**Requirement**
In full and without alteration, print the records below, minus any images.

Records from a data source:
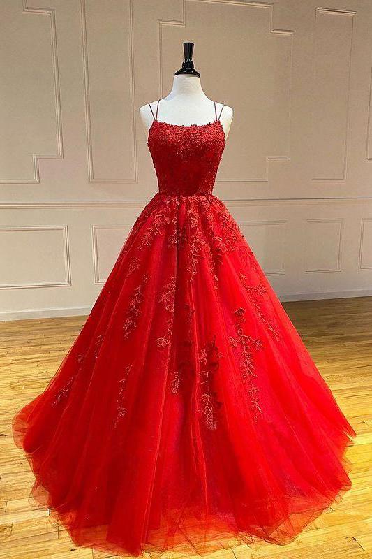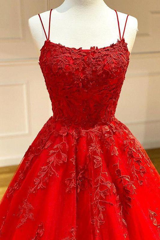 Spaghetti-Strapss Floral Lace Aline Evening Gown Sleeveless Formal Dresses
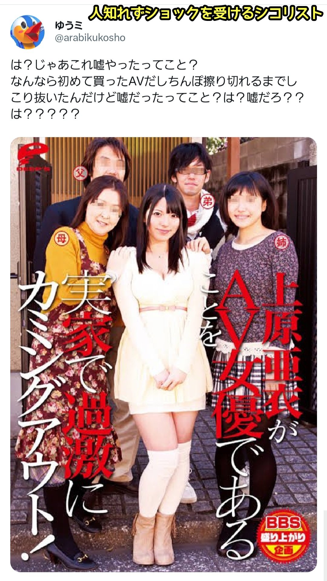 上原亜衣でシコり散らかした男性が、流れ弾で人知れず傷つく(今ここ)#本日の多様性#三上悠亜 #上原亜衣 pic.twitter.com/nBMCRQw4kg
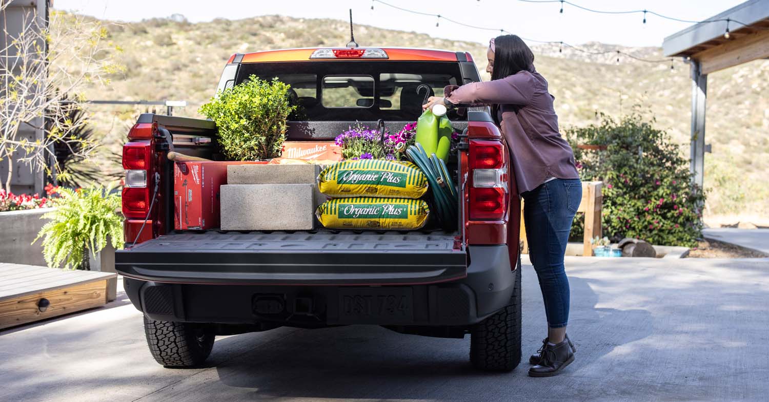 The 4.5-foot bed can carry 1,500 pounds of payload, the equivalent of roughly 37 bags of 40-pound mulch, and has a six-foot floor with the tailgate down. Maverick can carry long and wide stuff too, thanks to its multi-position tailgate. It opens normally, but also has a halfway-open position – just unclip the support cables and hook them onto the latch pins so the tailgate lip and wheelhouses can support up to 18 sheets of 4×8-foot three-quarter-inch plywood without needing to angle the panels. It’s easy. The tailgate features tie-down clamps that double as bottle openers, and is rated to hold 500 pounds of friends hanging out and taking a seat. The bed floor and sides are low, so almost any size adult can reach over and grab items off the floor.
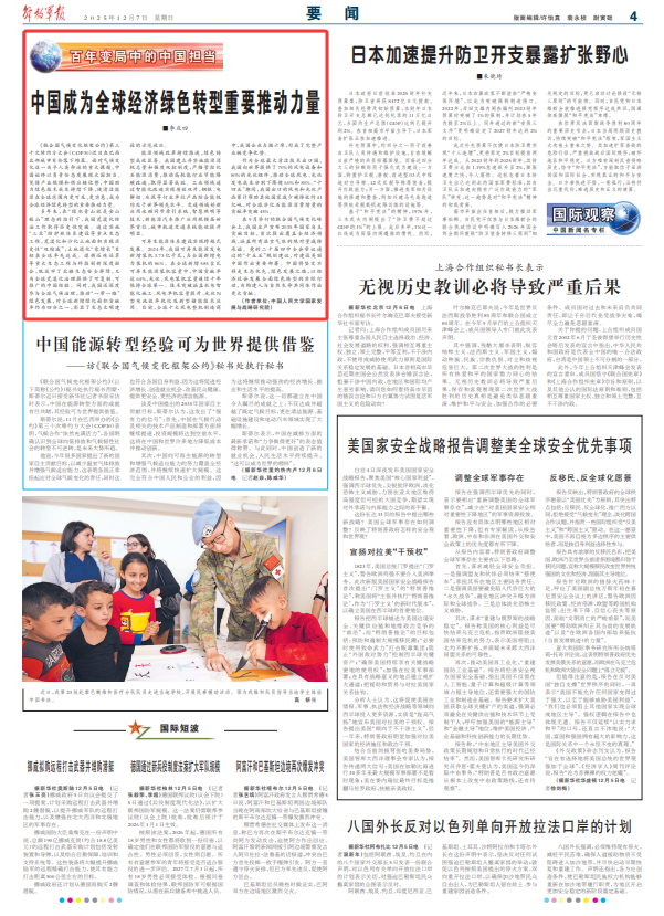 《联合国气候变化框架公约》第三十次缔约方大会(COP30)近日在巴西北部城市贝伦落下帷幕。面对气候变化这一关乎人类命运的重大课题,中国始终以负责任态度展现大国担当。凭借产业规模和供应链优势,中国助力绿色技术成本持续下降,使清洁能源在全球范围内更可及、更实惠,成为全球经济绿色转型的重要推动力量。
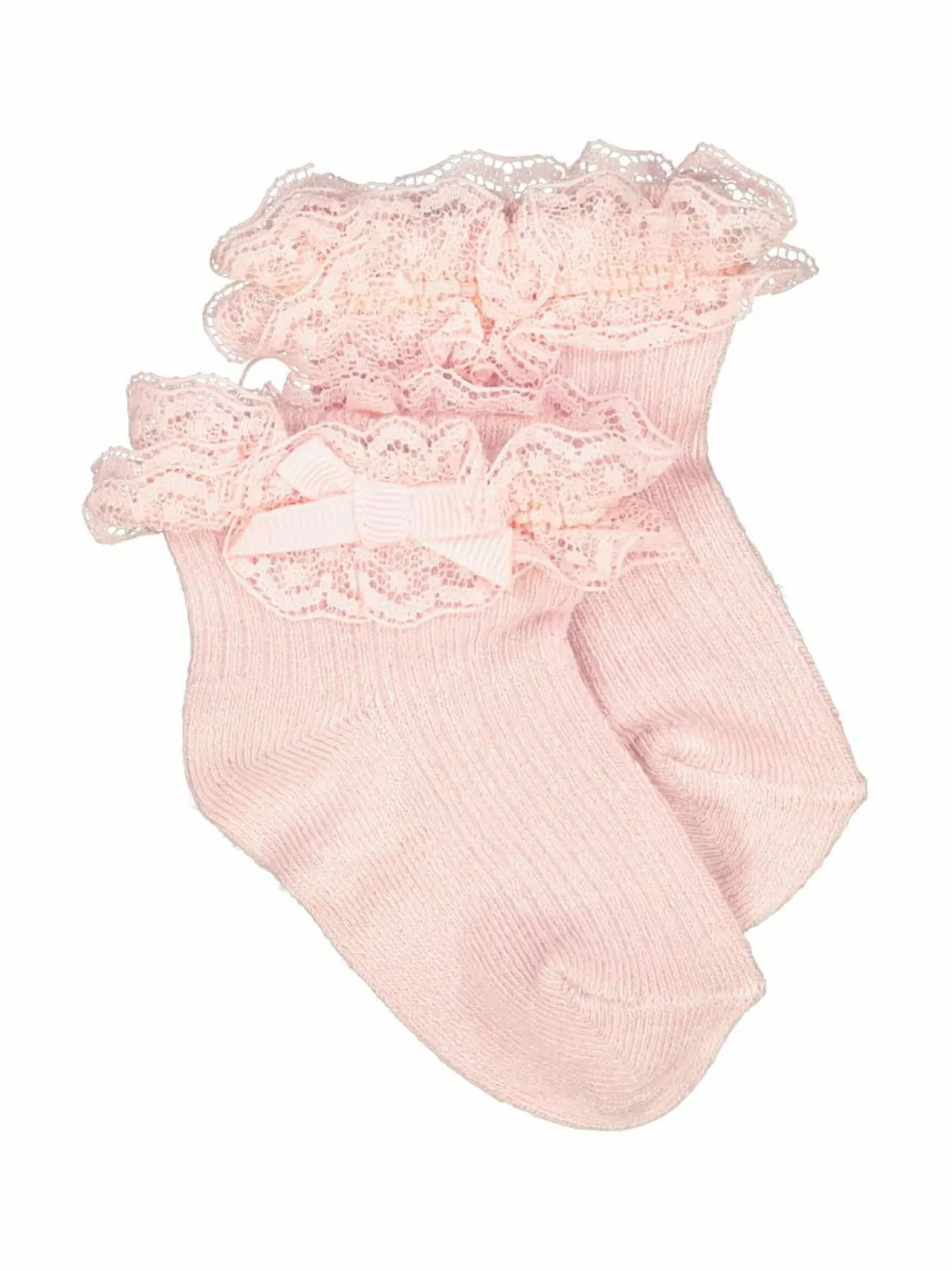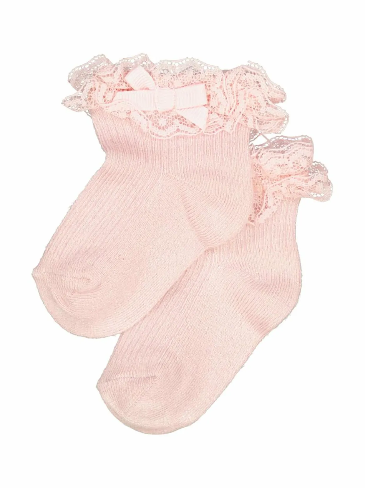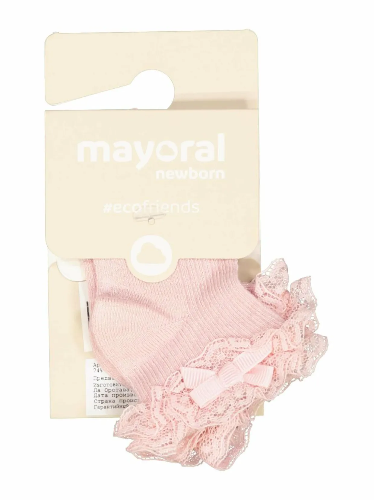 Mayoralin pitsi- ja rusettisomisteiset sukat perheen pienimmille. Materiaalina on käytetty pehmeän tuntuista ja joustavaa viskoosisekoitetta.
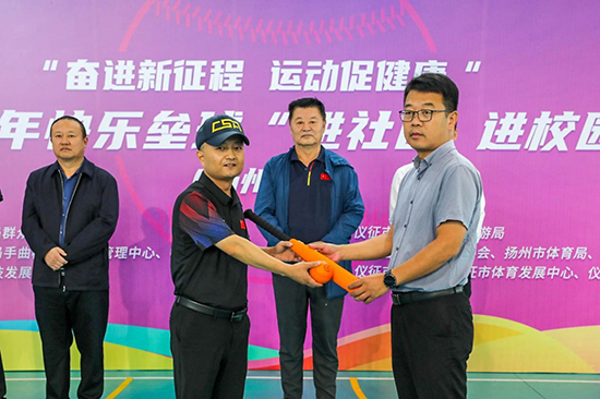 中国垒球协会新闻宣传委员会主任、华奥星空科技发展有限公司总编辑刘向前,中国垒球协会理事、江苏省棒垒球运动协会常务副会长兼秘书长严小平,扬州市体育局四级调研员张义勇,仪征市文体广电和旅游局党委委员、总工程师周晓辉,扬州市棒垒球运动协会副会长韩超,仪征市实验小学东区校分管领导王德勇共同出席启动仪式并为活动开球,张义勇宣布活动启动。
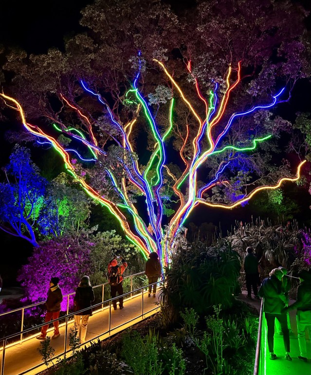 Lightscape at the Botanical Garden highlights some of its most prized features and plants. According to Brendan Lange, director of advancement for the Gardens of Golden Gate Park, an art installation titled the “Neon Strawberry Tree” is “expected to be one of the most iconic installations in the show.” The installation crew, with the help of a large crane, wrapped ropes of colored neon lights around the towering Canary Island Strawberry Tree (Arbutus Canariensis) located in the South Africa Garden. Given the size of the tree, its dramatic lighting can be seen from numerous vantage points in the Garden. This legacy tree is rumored to have been planted around 1890. Listed as vulnerable to extinction in 1998, the species is now stable, thanks to the work of botanical gardens, including San Francisco’s.

**Result below**
 Spaghetti-Strapss Floral Lace Aline Evening Gown Sleeveless Formal Dresses
 上原亜衣でシコり散らかした男性が、流れ弾で人知れず傷つく(今ここ)#本日の多様性#三上悠亜 #上原亜衣 pic.twitter.com/nBMCRQw4kg
 The 4.5-foot bed can carry 1,500 pounds of payload, the equivalent of roughly 37 bags of 40-pound mulch, and has a six-foot floor with the tailgate down. Maverick can carry long and wide stuff too, thanks to its multi-position tailgate. It opens normally, but also has a halfway-open position – just unclip the support cables and hook them onto the latch pins so the tailgate lip and wheelhouses can support up to 18 sheets of 4×8-foot three-quarter-inch plywood without needing to angle the panels. It’s easy. The tailgate features tie-down clamps that double as bottle openers, and is rated to hold 500 pounds of friends hanging out and taking a seat. The bed floor and sides are low, so almost any size adult can reach over and grab items off the floor.
 《联合国气候变化框架公约》第三十次缔约方大会(COP30)近日在巴西北部城市贝伦落下帷幕。面对气候变化这一关乎人类命运的重大课题,中国始终以负责任态度展现大国担当。凭借产业规模和供应链优势,中国助力绿色技术成本持续下降,使清洁能源在全球范围内更可及、更实惠,成为全球经济绿色转型的重要推动力量。
 Mayoralin pitsi- ja rusettisomisteiset sukat perheen pienimmille. Materiaalina on käytetty pehmeän tuntuista ja joustavaa viskoosisekoitetta.
 中国垒球协会新闻宣传委员会主任、华奥星空科技发展有限公司总编辑刘向前,中国垒球协会理事、江苏省棒垒球运动协会常务副会长兼秘书长严小平,扬州市体育局四级调研员张义勇,仪征市文体广电和旅游局党委委员、总工程师周晓辉,扬州市棒垒球运动协会副会长韩超,仪征市实验小学东区校分管领导王德勇共同出席启动仪式并为活动开球,张义勇宣布活动启动。
 Lightscape at the Botanical Garden highlights some of its most prized features and plants. According to Brendan Lange, director of advancement for the Gardens of Golden Gate Park, an art installation titled the “Neon Strawberry Tree” is “expected to be one of the most iconic installations in the show.” The installation crew, with the help of a large crane, wrapped ropes of colored neon lights around the towering Canary Island Strawberry Tree (Arbutus Canariensis) located in the South Africa Garden. Given the size of the tree, its dramatic lighting can be seen from numerous vantage points in the Garden. This legacy tree is rumored to have been planted around 1890. Listed as vulnerable to extinction in 1998, the species is now stable, thanks to the work of botanical gardens, including San Francisco’s.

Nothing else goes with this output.